◆ **Dataset excerpt**
──────────────────────────────

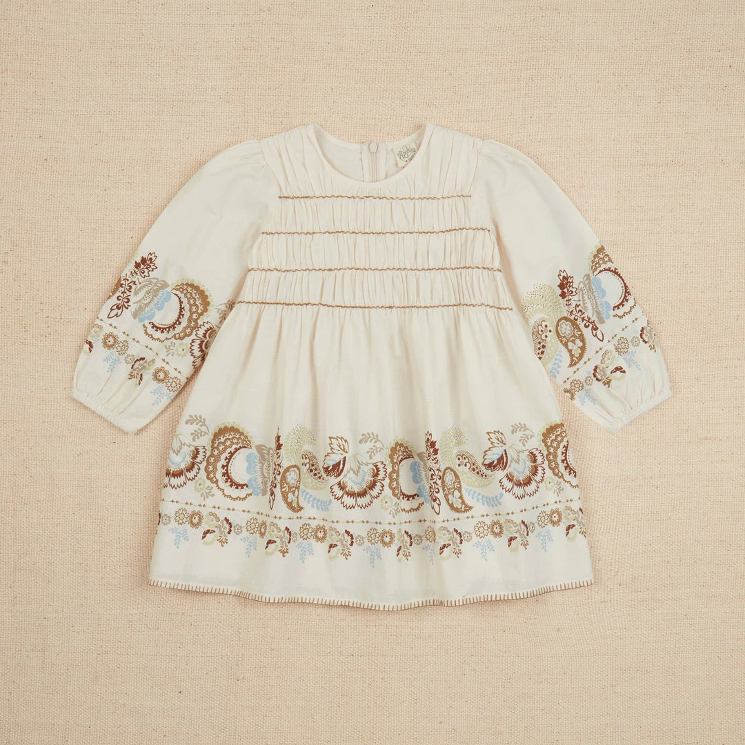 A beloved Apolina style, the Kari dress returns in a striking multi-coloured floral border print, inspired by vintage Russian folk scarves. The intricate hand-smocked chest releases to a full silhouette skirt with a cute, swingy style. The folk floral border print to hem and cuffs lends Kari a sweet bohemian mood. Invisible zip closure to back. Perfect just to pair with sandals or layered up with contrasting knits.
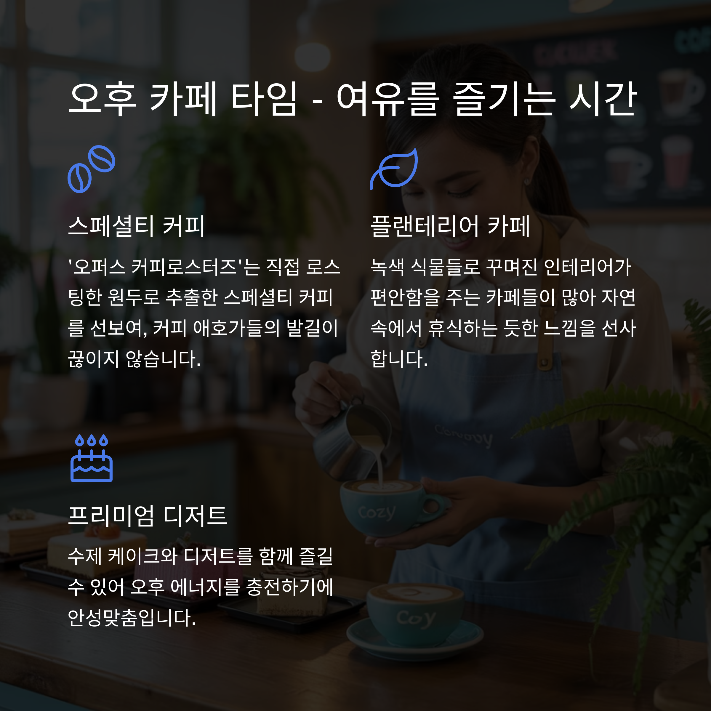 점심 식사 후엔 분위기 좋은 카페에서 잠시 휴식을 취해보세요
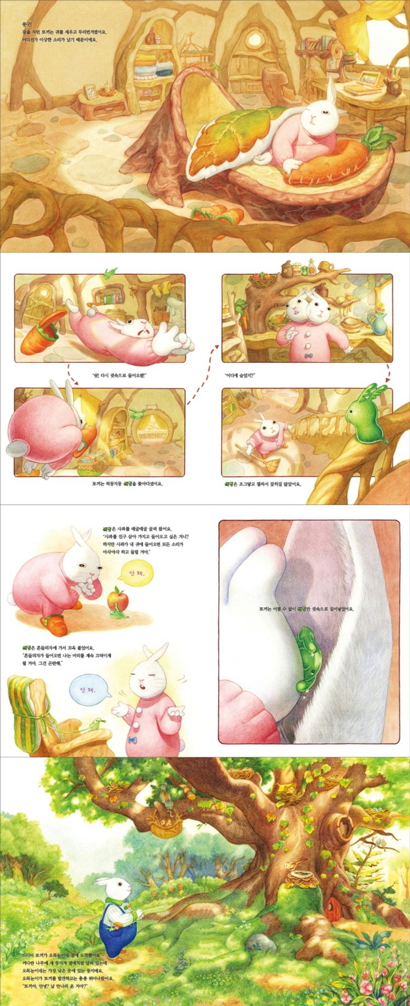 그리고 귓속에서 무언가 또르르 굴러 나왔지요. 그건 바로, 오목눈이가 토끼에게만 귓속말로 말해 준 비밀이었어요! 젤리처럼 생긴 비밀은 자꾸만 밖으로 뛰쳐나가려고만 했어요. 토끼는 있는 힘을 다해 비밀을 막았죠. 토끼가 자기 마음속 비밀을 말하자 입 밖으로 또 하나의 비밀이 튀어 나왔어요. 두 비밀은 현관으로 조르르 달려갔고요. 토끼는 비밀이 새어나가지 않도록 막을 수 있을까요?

──────────────────────────────

◆ **Activity**
Return every line of the listing exactly, leaving its pictures behind.

◆ **Task answer**
 A beloved Apolina style, the Kari dress returns in a striking multi-coloured floral border print, inspired by vintage Russian folk scarves. The intricate hand-smocked chest releases to a full silhouette skirt with a cute, swingy style. The folk floral border print to hem and cuffs lends Kari a sweet bohemian mood. Invisible zip closure to back. Perfect just to pair with sandals or layered up with contrasting knits.
 점심 식사 후엔 분위기 좋은 카페에서 잠시 휴식을 취해보세요
 그리고 귓속에서 무언가 또르르 굴러 나왔지요. 그건 바로, 오목눈이가 토끼에게만 귓속말로 말해 준 비밀이었어요! 젤리처럼 생긴 비밀은 자꾸만 밖으로 뛰쳐나가려고만 했어요. 토끼는 있는 힘을 다해 비밀을 막았죠. 토끼가 자기 마음속 비밀을 말하자 입 밖으로 또 하나의 비밀이 튀어 나왔어요. 두 비밀은 현관으로 조르르 달려갔고요. 토끼는 비밀이 새어나가지 않도록 막을 수 있을까요?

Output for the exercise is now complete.